Single-payer medical schemes around the developed world are under heavy cost pressures because of low birth rates and aging populations. That affects any medical scheme and is a fundamental problem extending well beyond medical care. Canada, whose life expectancy is 3 years longer than the US, is trying to bail out its medical care system and economy with a points-based mass immigration scheme. The US has effectively done the same thing without a point system and in a context of undeveloping itself. Medical care doesn't exist in a vacuum.
A problem our medical care system has in the US is that it drives people out of the workplace prematurely and tries to drive people who use a lot of medical services out of the workplace altogether. It also severely disadvantages Main Street and disadvantages US business doing export. That unsustainable 17% and growing of our GDP put into the medical care system - over 4% into "insurance" - is helping to sink us. That 4+% shows us, by the way, that our medical insurance system is not a free market and it's because of our pay to play political system.
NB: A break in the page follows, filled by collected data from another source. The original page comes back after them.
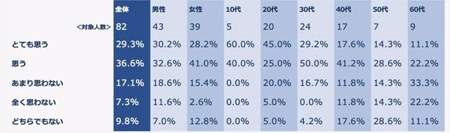 前述の「現金投資した」82名に、「ポイント運用」の経験があることで、初めての現金投資に取り組みやすくなったか、を聞いたところ、合計で65.9%が「とても思う」「思う」と回答しました。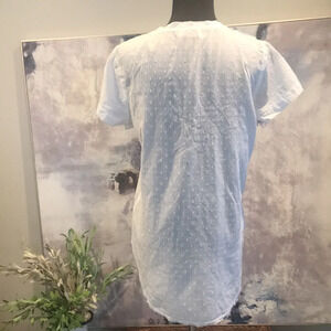 Tee-shirt styling with short sleeves and a v-neck featuring a raw edge high-low hemline in white, semi-sheer linen textured with white soft dots.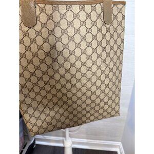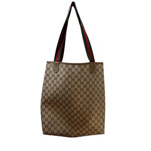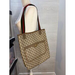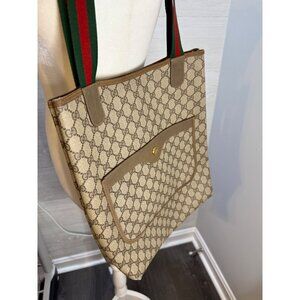 Authentic Gucci Monogram Canvas Tote Bag W/ Front Pocket & Green/Red Straps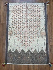 山脈や人々、山羊や生命の木などのモチーフが織り込まれていて楽しい1枚です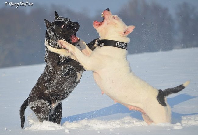 Przyjacielsko nastawiony do ludzi amstaff, ma niestety wrodzoną skłonność do walki z innymi psami, szczególnie z osobnikami tej samej płci. Z tego powodu jego relacje z obcymi psami są zawsze obciążone dużym ryzykiem, zwłaszcza wtedy, gdy spotkany pies nie zachowa należytej powściągliwości. Jeśli w dodatku odważy się go zaatakować, może się to tragicznie skończyć. Dlatego konieczne jest bardzo wczesne, już od pierwszych miesięcy życia, oswajanie go z innymi psami. Idealnym do tego miejscem jest psie przedszkole, które przygotuje psa do spotkań z pobratymcami. Jest to najlepsze miejsce do wejścia w świat czworonogów, bo szczenięta są zazwyczaj przyjaźnie nastawione do całego świata i bardziej zainteresowane zabawą niż wchodzeniem w utarczki.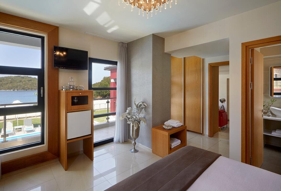 The interior of this luxury apartment rental in Kavos is a testament to refined elegance. Each of the four bedrooms is a private sanctuary, complete with en-suite bathrooms and air conditioning, ensuring a restful night’s sleep. The open-concept living area, furnished with contemporary décor, exudes sophistication and invites relaxation. A fully-equipped kitchen, perfect for preparing meals or enjoying the included breakfast and lunch, adds to the convenience. The living space extends seamlessly to a private balcony, offering panoramic views of the shimmering Ionian Sea.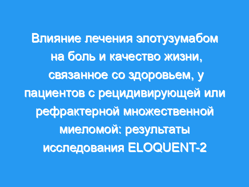 Эти результаты показывают, что ранее сообщалось об улучшении выживаемости без прогрессирования и скорости ответа при применении элотузумаба. достигается без ущерба для HRQoL, который сохраняется с течением времени.

Going forward it never can be; abolishing state lines and the like wouldn't even cause a blip in soaring rates. Insurance company policies and pay to play politics are making more medical costs pure transfer payments which Conservatives then reflexively complain about.
A medical care system paid for by everyone but used by a decreasing part of the population is a nonstarter and would destabilize the society. So would a Libertarian scheme where people die in net worth order which isn't yet technically possible anyway.
I don't hear anything about attacking the medical cost drivers like cancer and obesity/diabetes/cardiovascular diseases/cancer which are apparently disorders of excess to a large degree over a much lower background rate.
Technical progress and innovation should make major progress in coping with medical care costs and would be exportable. Measures like taxing sugar, fructose, trans-fats, etc like cigarettes and putting the proceeds into a single payer scheme would help considerably but be susceptible to our pay to play political system. A single payer scheme over private delivery is proven much cheaper beyond question, can preserve real innovation, and is isolated from the rest of government and transparent. Or at least is easier to isolate from pay to play politics than our present or soon to be system.